Activity: Pictures don't belong in the copy; print all the records exactly.

Material provided:
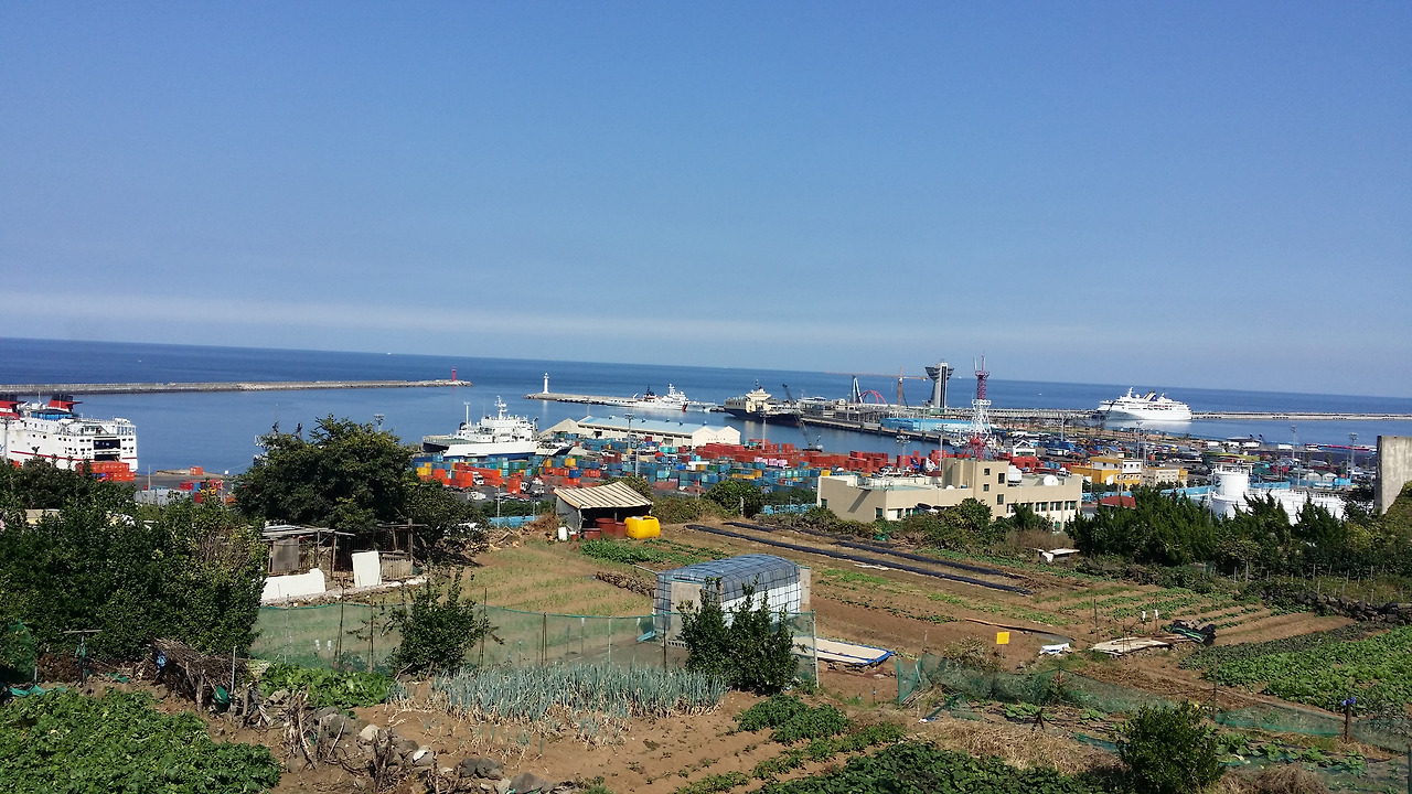 단 하나 이곳에서 보이는 풍광이 인천과 다르다. 인천이 항구를 향하되 탁한 색깔의 바다를 향하고 있다면 이곳은 말 그대로 파란 바다를 향해 집들이 서있다. 역으로 혹시 산토리니 같은 느낌을 조금은 풍긴다고나 할까... 항구가 제대로 눈에 들어오기 시작했다. 제주항과 카페리호가 눈에 들어온다. 운치 있는 풍경이다. 이날 오후 한나절을 걸으면서 계속해서 이 항구의 모습이 눈에 떠나질 않았다. 이 항구 주변을 걷는 하루였다는 소리다.
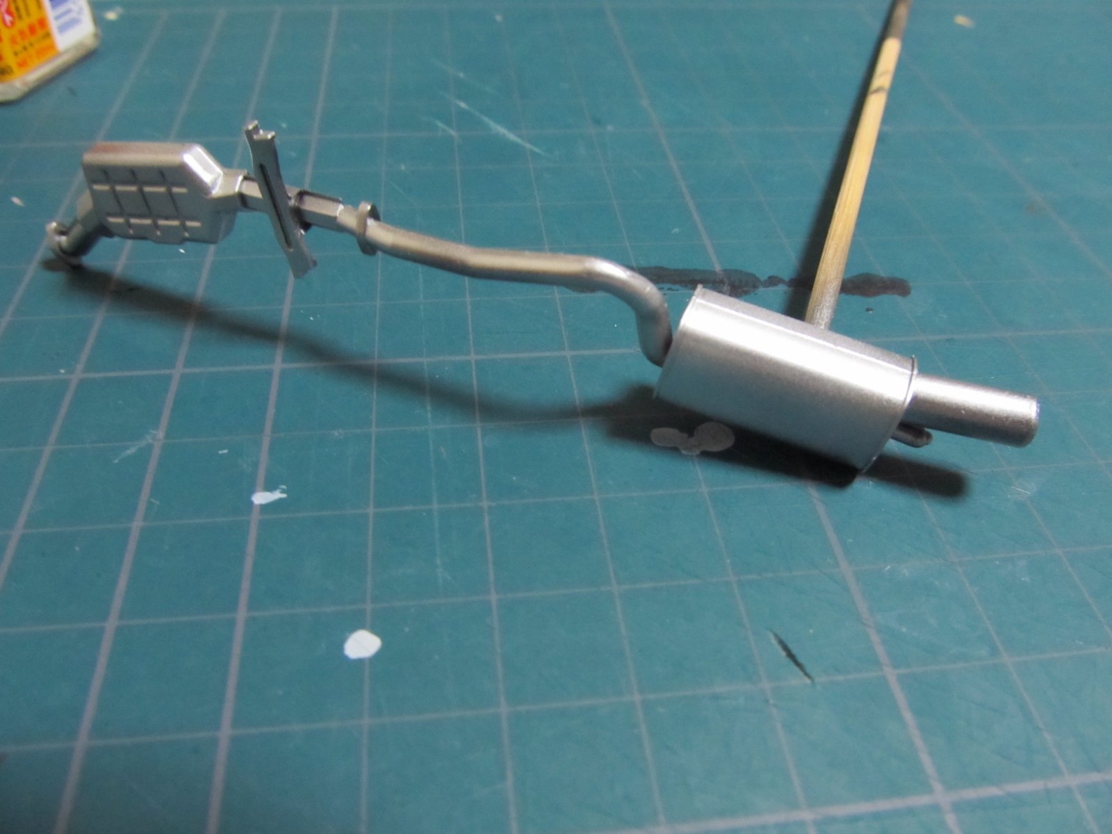 マフラーを塗装します。ウィノーブラックを塗装後にクレオスのスーパーメタリック クロームシルバーを塗装しています。初めて利用しましたが、非常に綺麗な光沢が出ますね。塗装被膜も強く触っても手につくことなどは無いです。
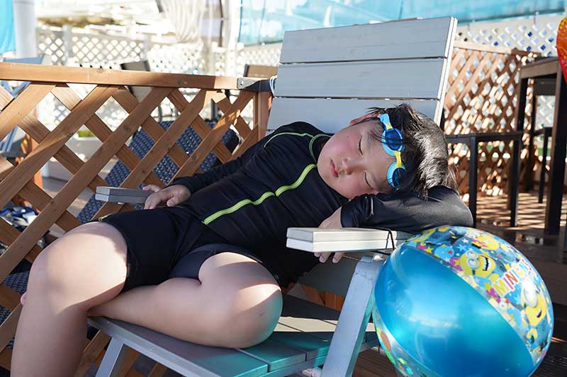 昼食を食べた後、子供達はプールをローテーションしながらガッツリ遊び、私はデッキチェアでウツラウツラしながら、時折子供達と合流して遊ぶの繰り返し。
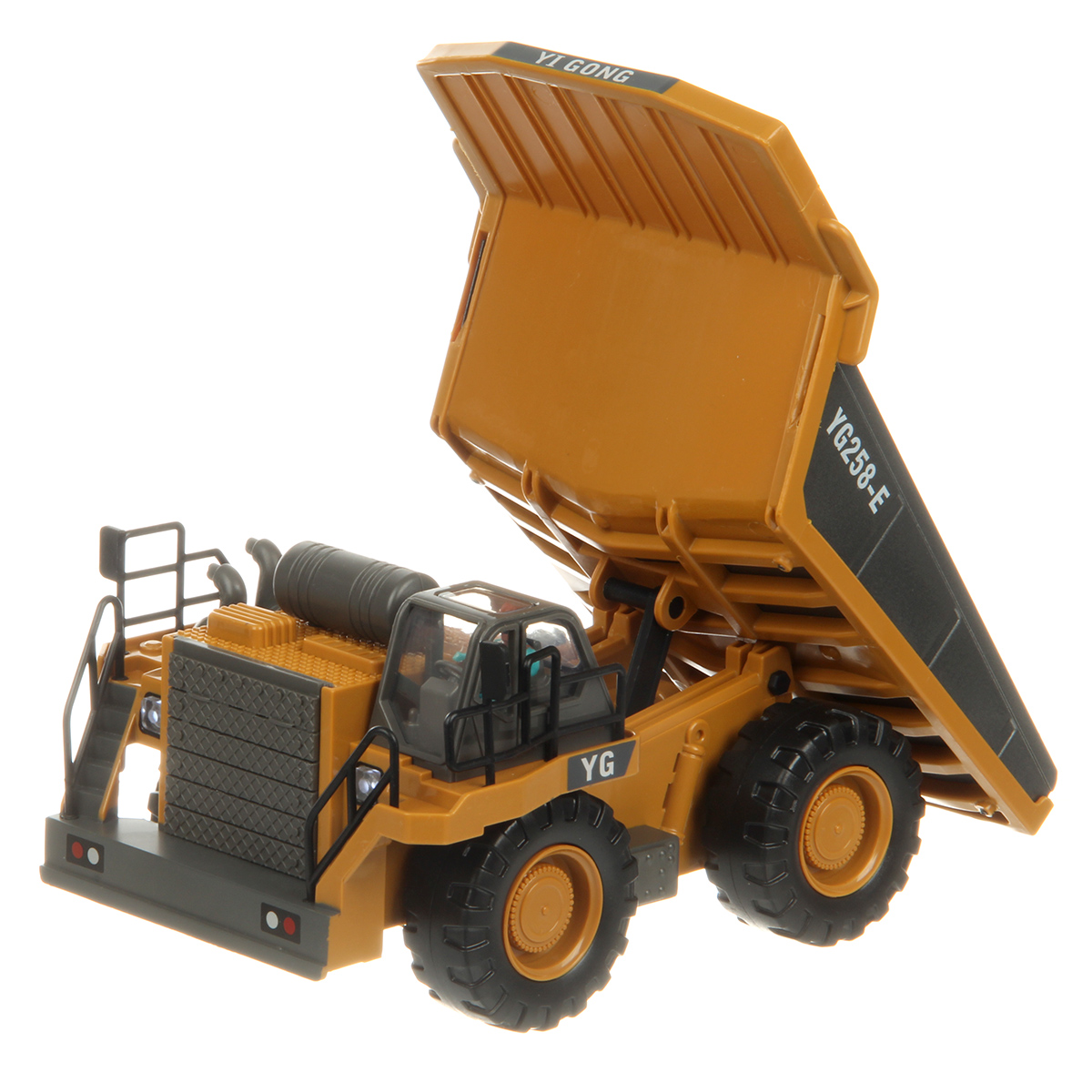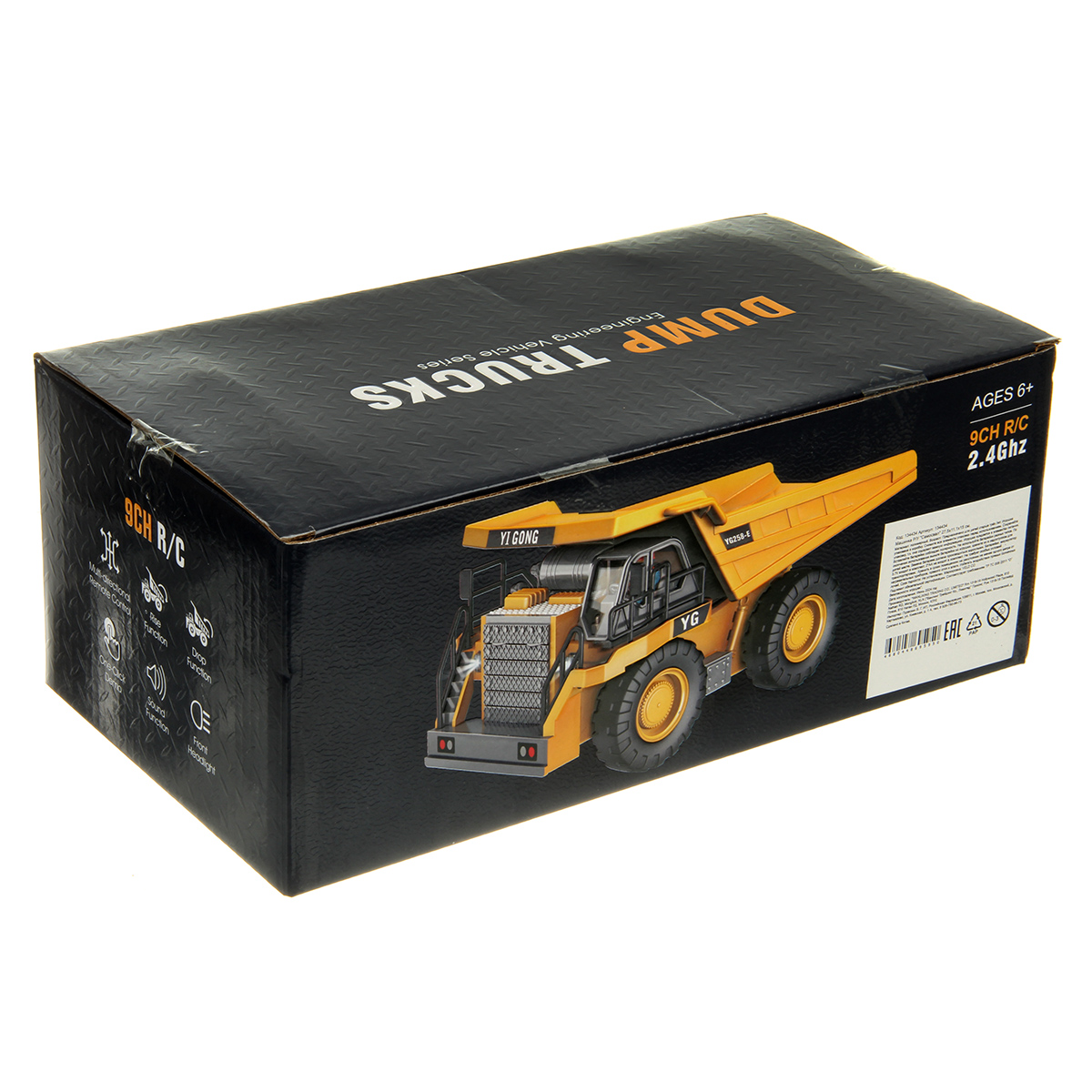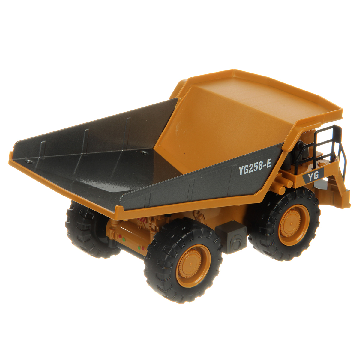 Игрушечный самосвал имеет множество функций, катается во все стороны, поднимает кузов, эффектная подсветка фар, можно играть в темное время суток.
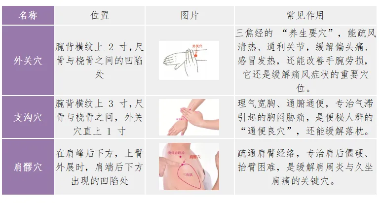 在三焦经二十多个穴位里,有几处尤其贴近日常、好用易记。它们不偏僻,就在手腕、臂肘、肩背这些我们常常僵硬、酸痛的地方。日常多留意、常按揉,就能帮身体疏通气机、缓解不适。这也是我们自学经络时,最容易落地、最能感受到效果的实用穴位。
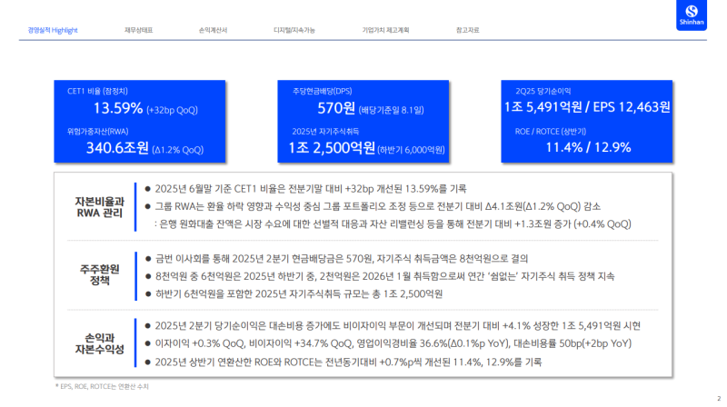 • 금번 이사회를 통해 2025년 2분기 현금배당금은 570원, 자기주식 취득금액은 8천억원으로 결의
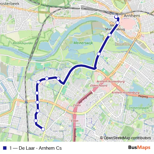 The first stop of the 1 bus route is Arnhem, Centraal Station [ M ] and the last stop is Arnhem, De Laar/Bredasingel. 1 (De Laar - Arnhem Cs) is operational during täglich.
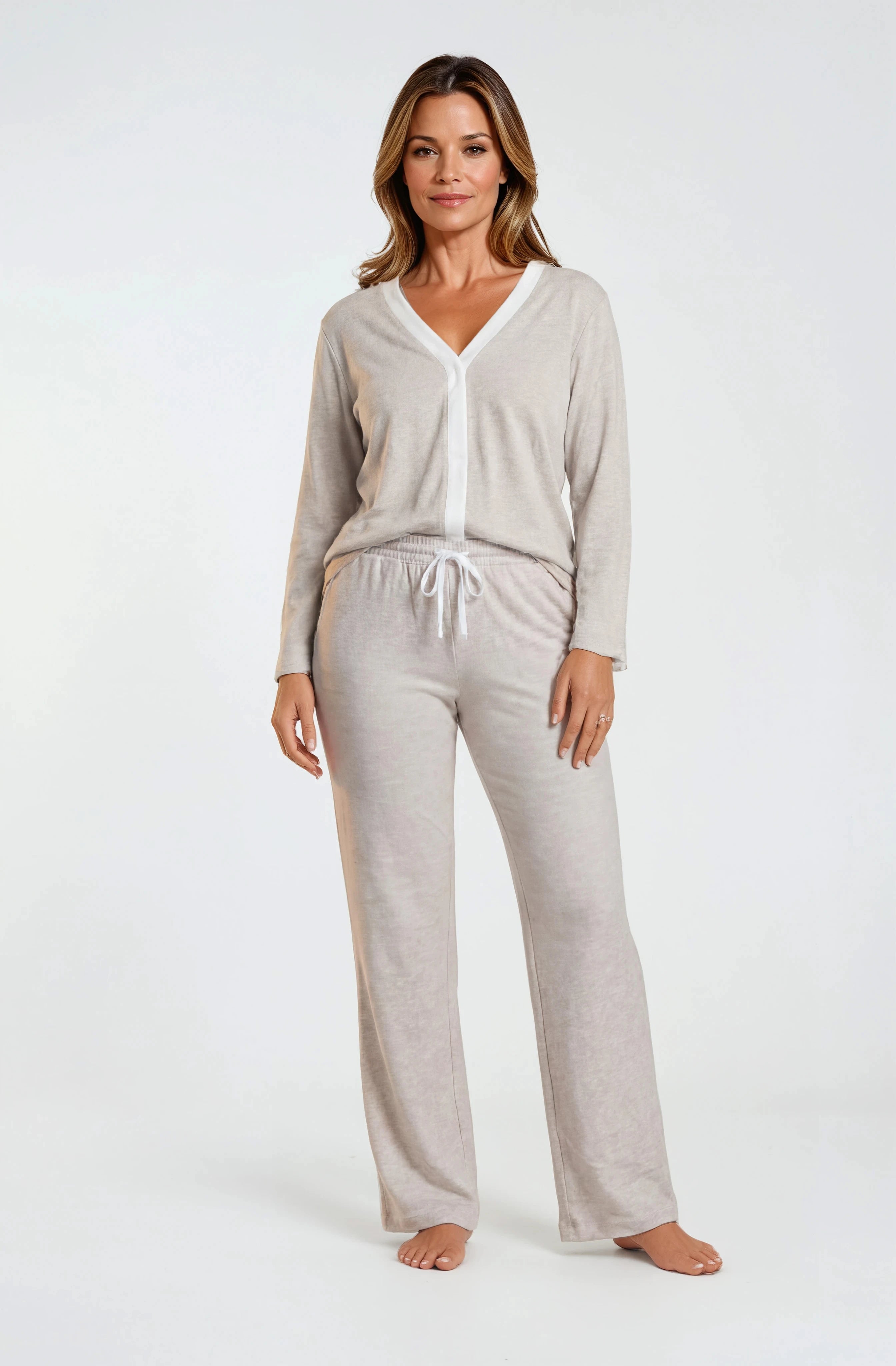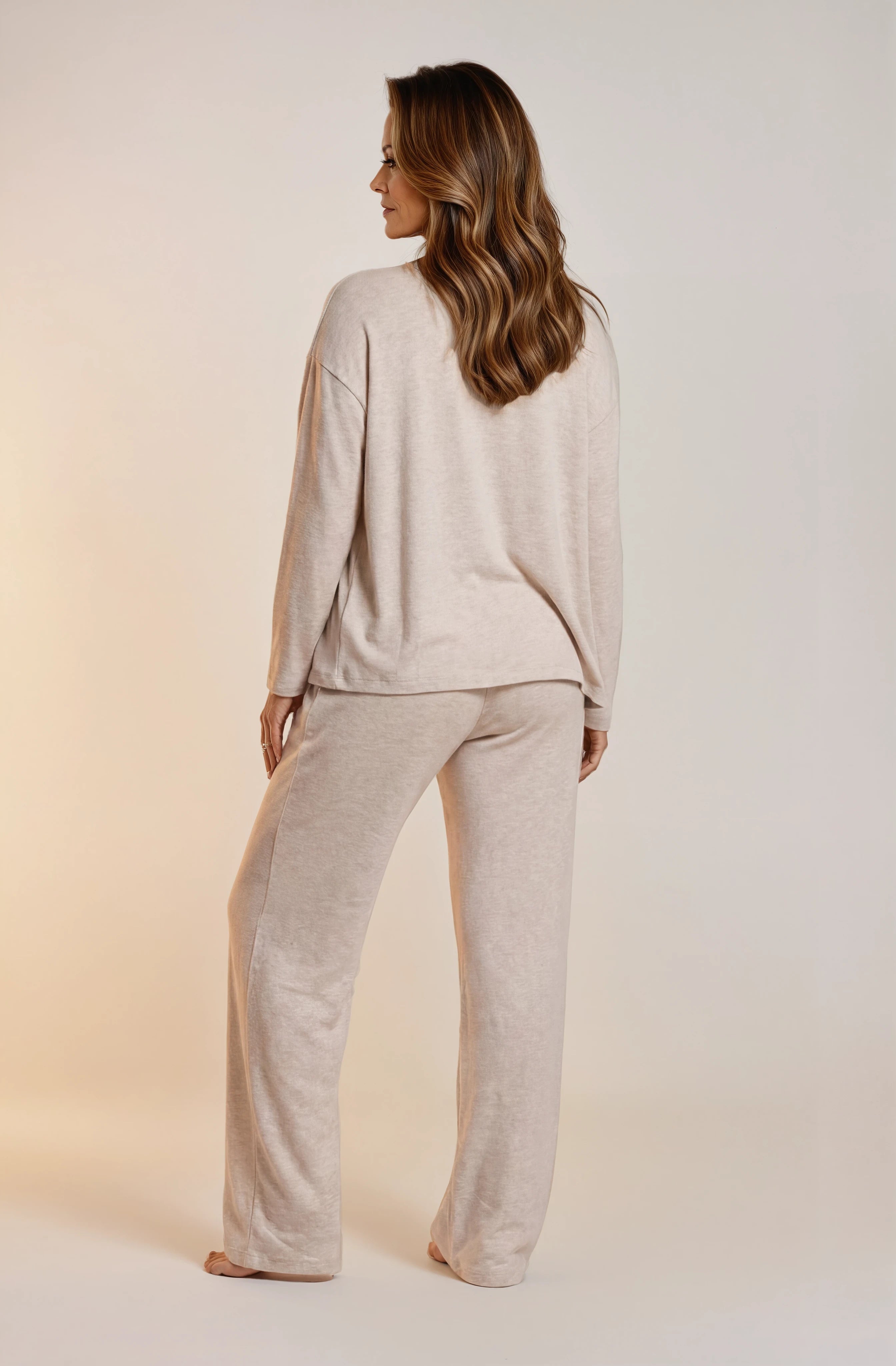 Soft, calming, and effortlessly wearable—the Dallas Peachy Jersey Lounge Set in Oatmeal is designed for women who appreciate comfort with a refined, natural feel. Crafted from a premium cotton/modal blend, this luxuriously soft peachy jersey fabric offers breathable warmth with a lightweight touch—perfect for cosy mornings, relaxed evenings, and everything in between.
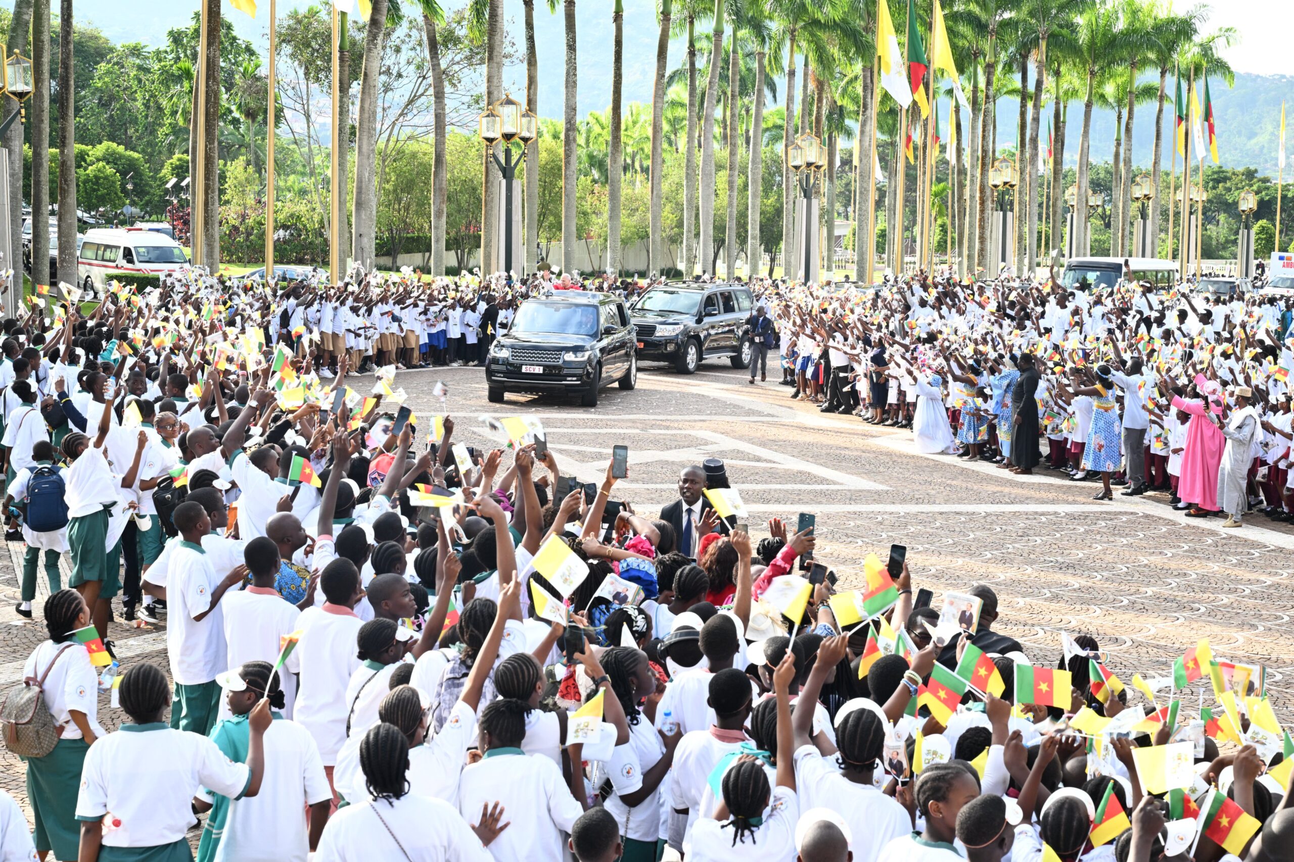 Le pape poursuit désormais sa visite à Douala, capitale économique et principal port du pays, après une étape particulièrement sensible à Bamenba, en zone anglophone. Cette région, en proie à des tensions persistantes et à des revendications séparatistes, concentre toutes les attentions.
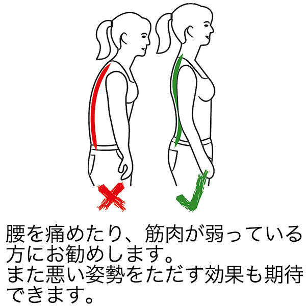 ・腰部に伸縮ベルトが腰をサポート。自分の好み合わせて装着出来ます。腰を痛めたり、筋肉が弱ている方にお勧めします。また、悪い姿勢をただす効果も期待できます。

Expected output:
 단 하나 이곳에서 보이는 풍광이 인천과 다르다. 인천이 항구를 향하되 탁한 색깔의 바다를 향하고 있다면 이곳은 말 그대로 파란 바다를 향해 집들이 서있다. 역으로 혹시 산토리니 같은 느낌을 조금은 풍긴다고나 할까... 항구가 제대로 눈에 들어오기 시작했다. 제주항과 카페리호가 눈에 들어온다. 운치 있는 풍경이다. 이날 오후 한나절을 걸으면서 계속해서 이 항구의 모습이 눈에 떠나질 않았다. 이 항구 주변을 걷는 하루였다는 소리다.
 マフラーを塗装します。ウィノーブラックを塗装後にクレオスのスーパーメタリック クロームシルバーを塗装しています。初めて利用しましたが、非常に綺麗な光沢が出ますね。塗装被膜も強く触っても手につくことなどは無いです。
 昼食を食べた後、子供達はプールをローテーションしながらガッツリ遊び、私はデッキチェアでウツラウツラしながら、時折子供達と合流して遊ぶの繰り返し。
 Игрушечный самосвал имеет множество функций, катается во все стороны, поднимает кузов, эффектная подсветка фар, можно играть в темное время суток.
 在三焦经二十多个穴位里,有几处尤其贴近日常、好用易记。它们不偏僻,就在手腕、臂肘、肩背这些我们常常僵硬、酸痛的地方。日常多留意、常按揉,就能帮身体疏通气机、缓解不适。这也是我们自学经络时,最容易落地、最能感受到效果的实用穴位。
 • 금번 이사회를 통해 2025년 2분기 현금배당금은 570원, 자기주식 취득금액은 8천억원으로 결의
 The first stop of the 1 bus route is Arnhem, Centraal Station [ M ] and the last stop is Arnhem, De Laar/Bredasingel. 1 (De Laar - Arnhem Cs) is operational during täglich.
 Soft, calming, and effortlessly wearable—the Dallas Peachy Jersey Lounge Set in Oatmeal is designed for women who appreciate comfort with a refined, natural feel. Crafted from a premium cotton/modal blend, this luxuriously soft peachy jersey fabric offers breathable warmth with a lightweight touch—perfect for cosy mornings, relaxed evenings, and everything in between.
 Le pape poursuit désormais sa visite à Douala, capitale économique et principal port du pays, après une étape particulièrement sensible à Bamenba, en zone anglophone. Cette région, en proie à des tensions persistantes et à des revendications séparatistes, concentre toutes les attentions.
 ・腰部に伸縮ベルトが腰をサポート。自分の好み合わせて装着出来ます。腰を痛めたり、筋肉が弱ている方にお勧めします。また、悪い姿勢をただす効果も期待できます。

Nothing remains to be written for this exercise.